Por outro lado, é possível que sejam claros, mas que se relacionem justamente ao que Castoriadis (1982) chama de projeto revolucionário. Ou seja, o objetivo é justamente a transformação social dificultada por aqueles que defendem a manutenção do status quo.

Diante disso, duas são as possibilidades. De um lado, ao descobri-los e buscar seu atendimento, torna-se possível evitar a chamada “litigiosidade remanescente”, ou seja, a permanência das causas de um conflito mesmo diante de um acordo ou solução (AZEVEDO, A.G. 2004). De outro, é possível que o conflito seja regulado, ainda que seus objetivos não o sejam facilmente atendidos, e assim se evite a escalada de violência (ENTELMAN, 2002. GALTUNG, 2003. DEUTSCH, 2004).
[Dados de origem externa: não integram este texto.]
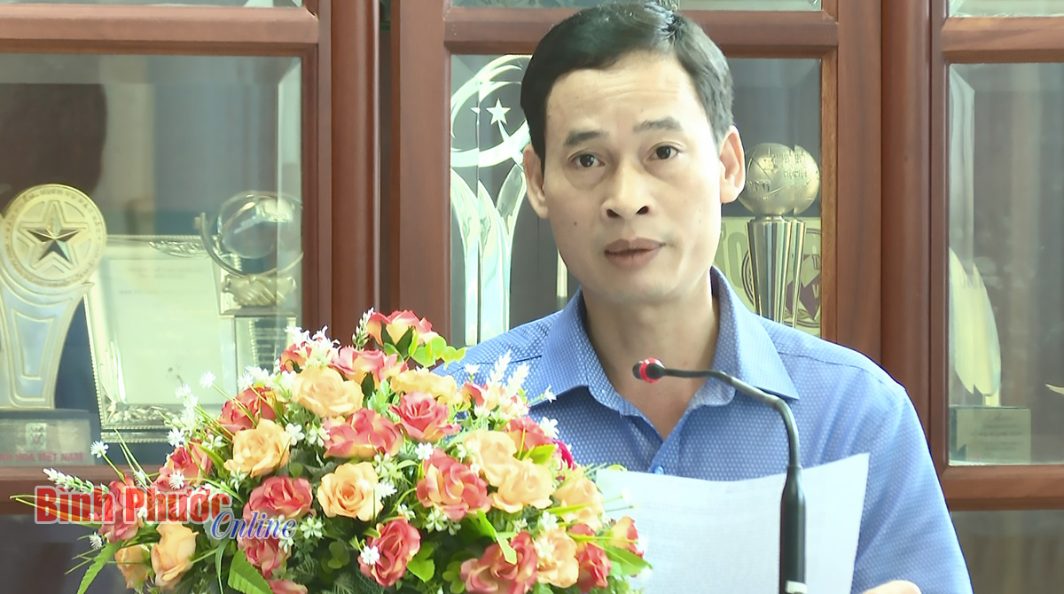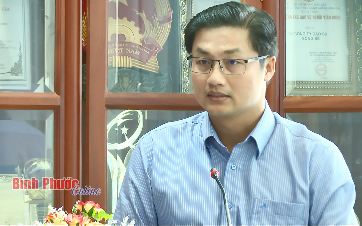 Ông Nguyễn Minh Thiện, Trưởng phòng Tổ chức, Công ty Cổ phần cao su Sông Bé, Khối phó báo cáo tình hình thực hiện nhiệm vụ toàn khối
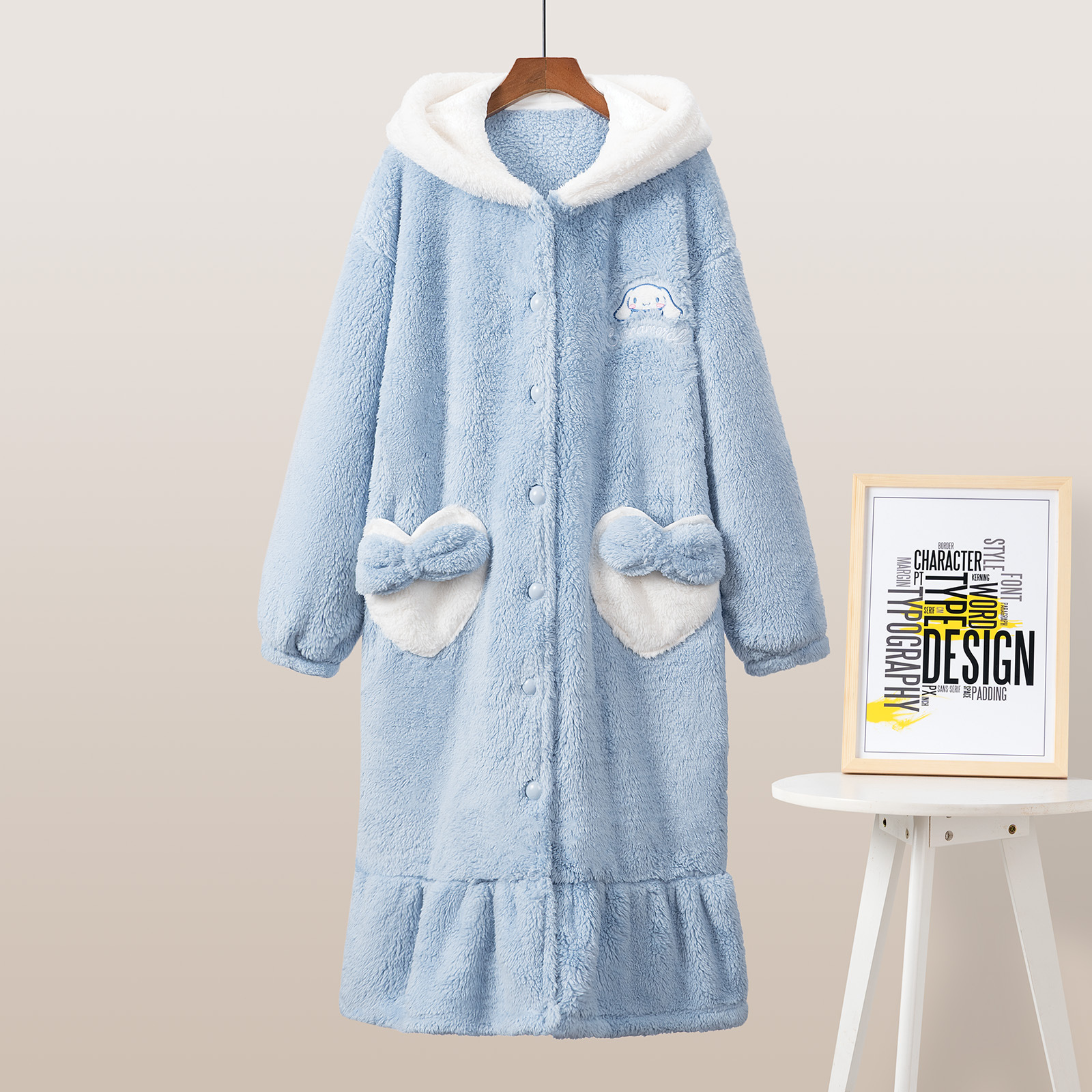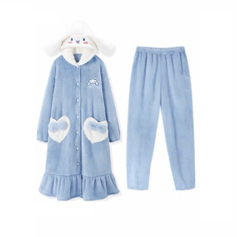 2023년 시나몬롤 잠옷 가을 겨울용 편안한 면 벨벳 두꺼운 안감 외출 가능 여성 홈웨어 세트 만화 원피스스토어 가기
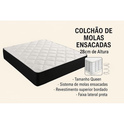 O Colchão tem sua estrutura composta por molas ensacadas individualmente, proporcionando conforto e suporte necessário para a parte lombar da coluna e é altamente resistente e confortável, proporcionando melhor sustentação e durabilidade ao produto, o tampo é bordado, que entrega uma camada extra de conforto. Seu revestimento é com tratamento antialérgico e antiácaro. Esse é o colchão ideal para toda a família.
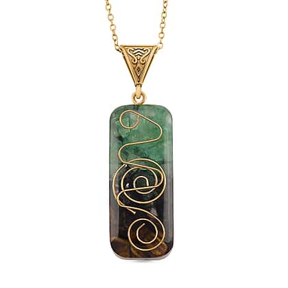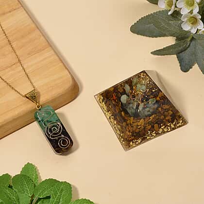 Warm earthy tones meet shimmering detail in this multi-colour gemstones pyramid and pendant set. The transparent resin pyramid highlights yellow tiger eye, green aventurine and blue sandstone arranged in a layered design that catches the light from every angle. Its matching pendant mirrors the same gemstone mix and features pure yellow gold tone wirework for an elegant finish. The 20-inch chain with a 2-inch extender offers easy length adjustment, making this set a lovely option for adding colour and character to your styling and home.
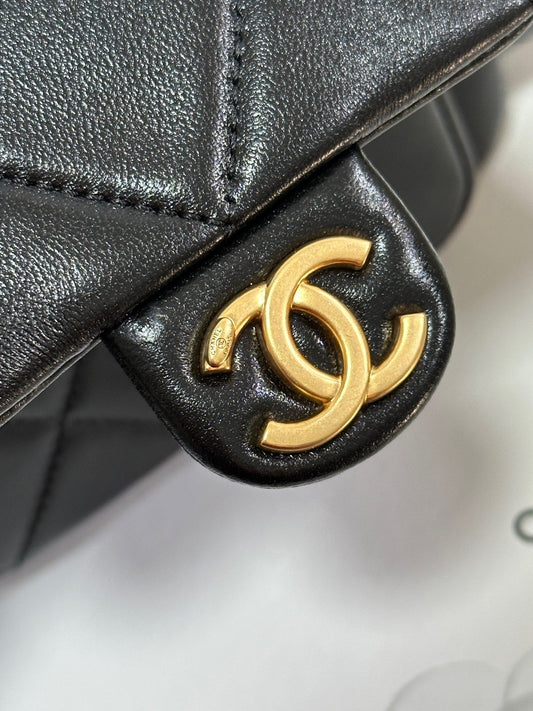 CC HOBO 28CM BLACK LAMBSKIN GOLD HARDWARE
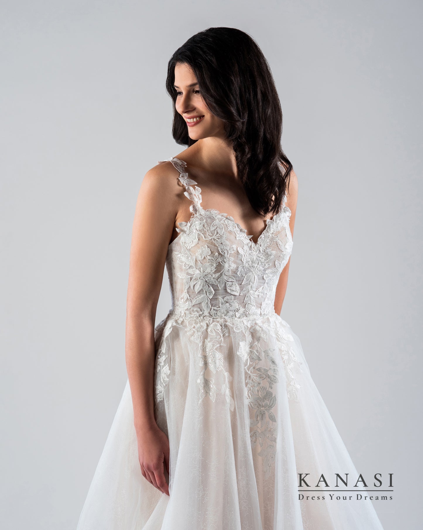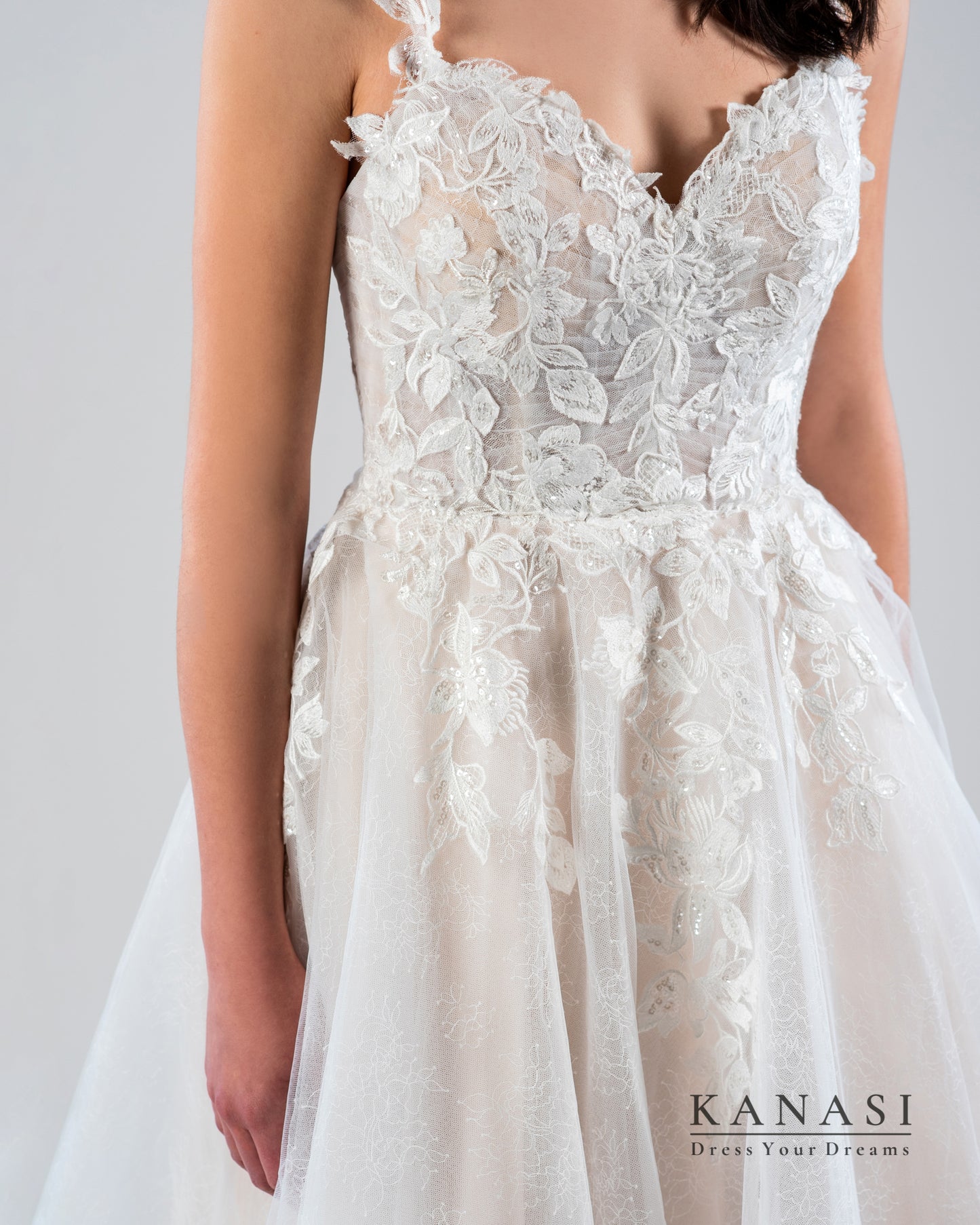 Kanasi poročne obleke so profesionalno fotografirane v Sloveniji, s ciljem prikazati njihov resnični videz, detajle in kakovost materialov.
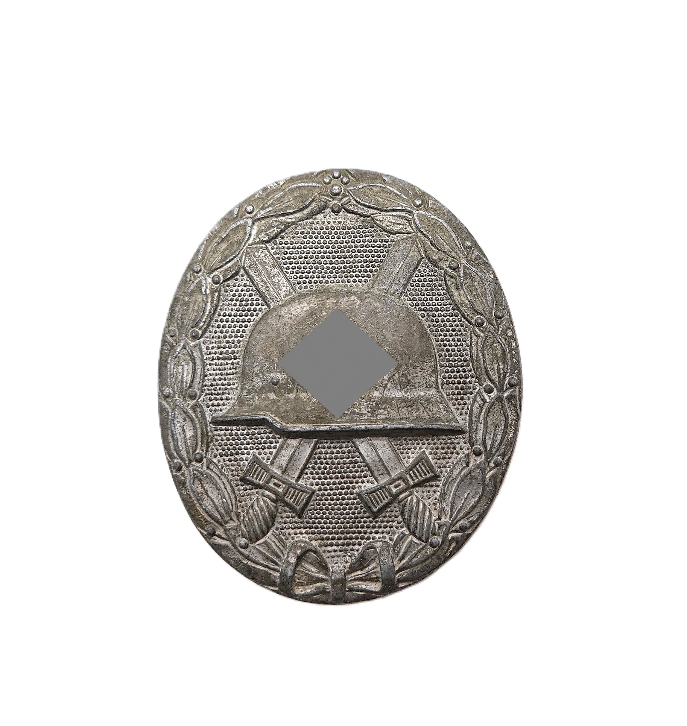 Verwundetenabzeichen Silber – Hersteller L/10 (Deschler & Sohn, München). Eins der seltensten VWA`s überhaupt. Es sind nur eine Handvoll Exemplare bekannt. Ausführung in Zink. Getragener Zustand.
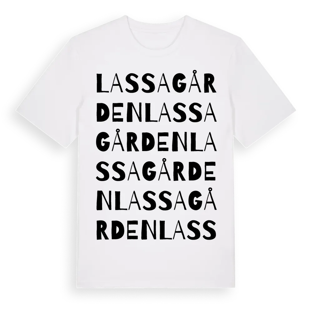 Lassagården ordlek t-shirt är inspirerad av Lassagården i Jönköpings län, Sverige. Tröjan är designad för dig som har en speciell koppling till platsen – oavsett om du bor här, har rötterna här eller bara älskar Lassagården.
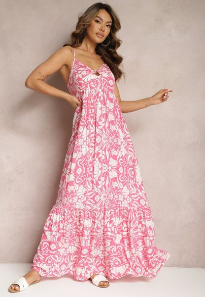 Fuksjowa Sukienka Maxi z Bawełny na Cienkich Ramiączkach z Falbanką i Kwiatowym Printem Miora
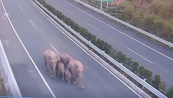 5月7日6时30分左右,几头野生亚洲象溜达上了思澜高速公路,并在路上悠闲地“散步”。思澜高速公路思糯高速交巡警大队和云南交投普洱管理处通过联合指挥中心发现象群后,立即开启“护送”模式。
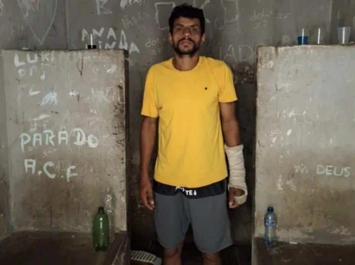O preso foi reencaminhado para audiência de custódia e dessa vez, os policiais usaram também algemas de tornozelo para que o homem não fugisse novamente.
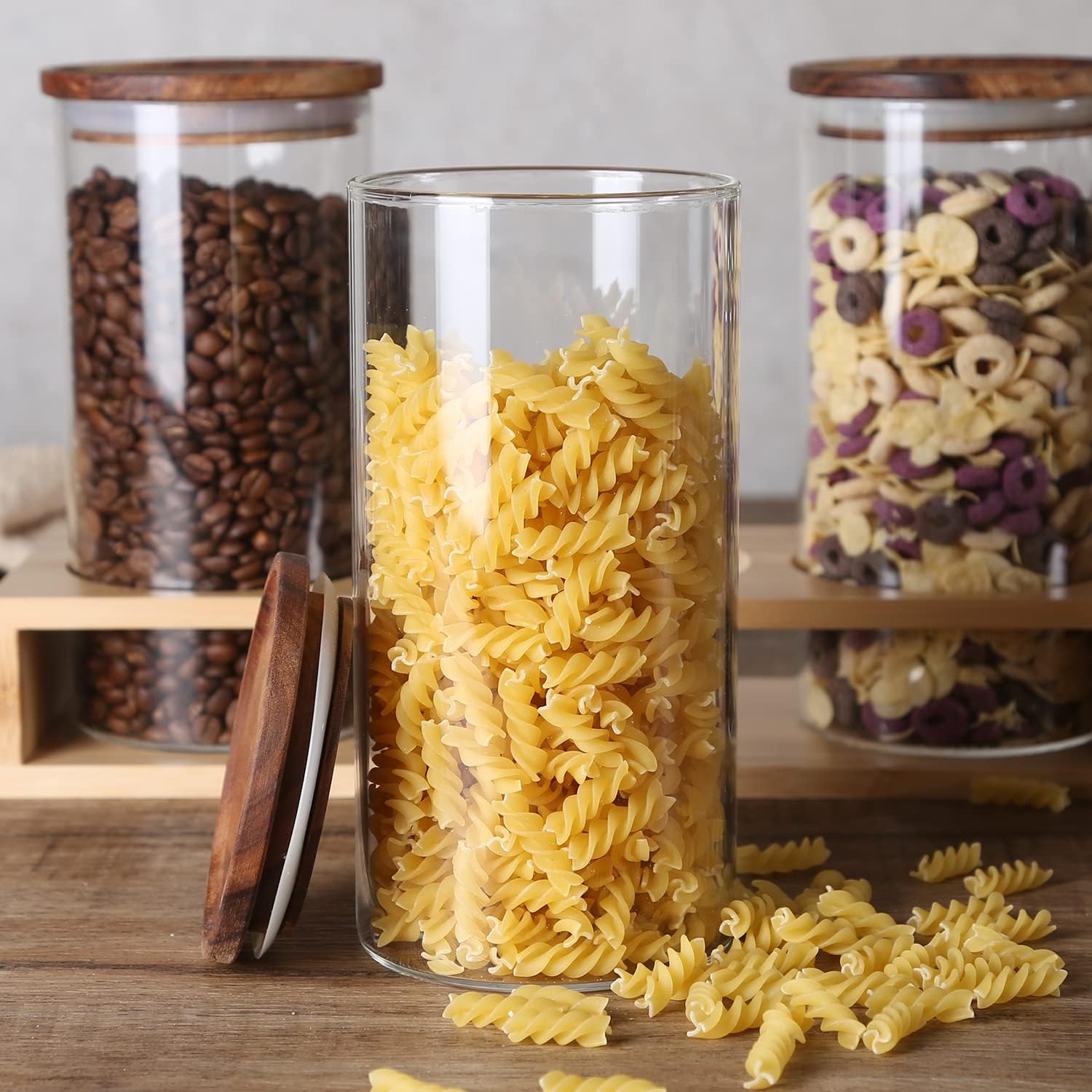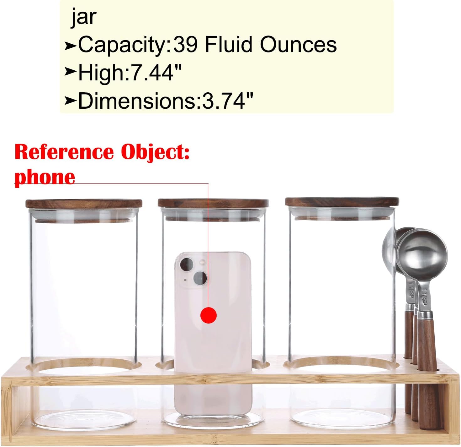 - Complete Set Includes:3 sealed glass jars(height 7.44" x diameter 3.74",capacity:39 floz/1150ml),3 wooden handle scoops(1 TBSP) and 1 bamboo rack(14.7" x 4.6" x 2.4",L x W x H),label stickers.
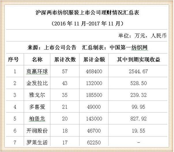 自2016年11月5日至2017年11月5日,沪深两市27家纺织服装上市公司累计理财次数达329次,累计理财金额216.97亿元,其间到期完成收益8911.59万元。
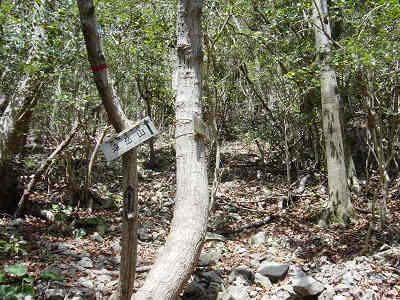 すぐ目の前の坂にロープが渡してあり、急な坂を登ってゆく。坂は木で補強された階段となっており、かなり手が加えられて整備されている。ロープを伝って坂を登ると左側に山頂まで20分の道標を見る。ここで先行者とすれ違った。本当に久しぶりに登山者と出会った。登山者と会ったのは周東町の大黒山以来ではないか等と考えながら進む。しばらくはなだらかな坂を歩くが10分もしない内にコースが分岐し一方は北にまっすぐ登る近道コース、もう一方はゆっくりコースである。当然近道コースのガレ場を登ってゆく。
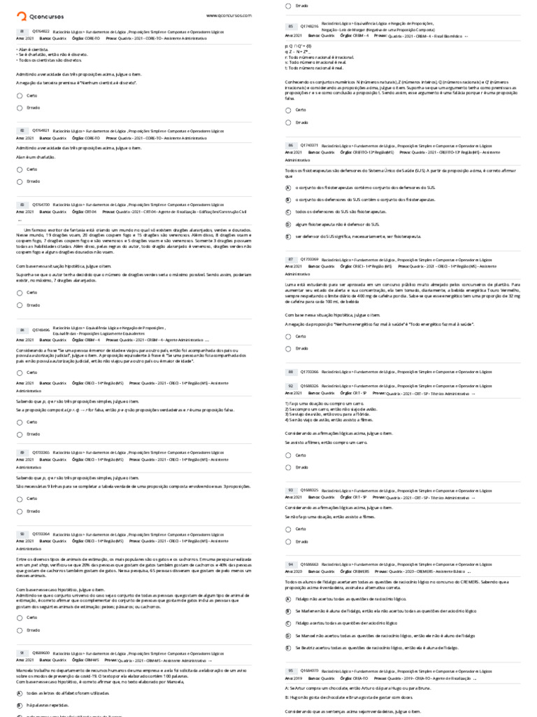 93 Q1688325 Raciocínio Lógico > Fundamentos de Lógica , Proposições Simples e Compostas e Operadores Lógicos

Assim, descobrir os reais objetivos de um conflito e atendê-los significa dar fim à litigiosidade ou conflituosidade remanescente, o que pode ser compreendido com a resolução de um conflito. Isso, no entanto, não significa a extinção do conflito em si, em especial no caso de relações permanentes ou de vínculo múltiplo, mas apenas a transformação da relação (PASQUINO, 1995. SANTOS, 1988. COSTA, 2003. BUSH e FOLGER, 2005).

Por outro lado, conflituosidade remanescente pode dar origem ao que foi apresentado como escalada, ou seja, o movimento de aumento de intensidade não do conflito em si, mas das ações de seus participantes, o que pode dar ensejo à violência. Diante disso é que surge a necessidade do reconhecimento do conflito e do estabelecimento de sistemas flexíveis, que o conflito e que, portanto, podem ser mais coesos e fortes. É então que se encontra a relação entre conflito e democracia.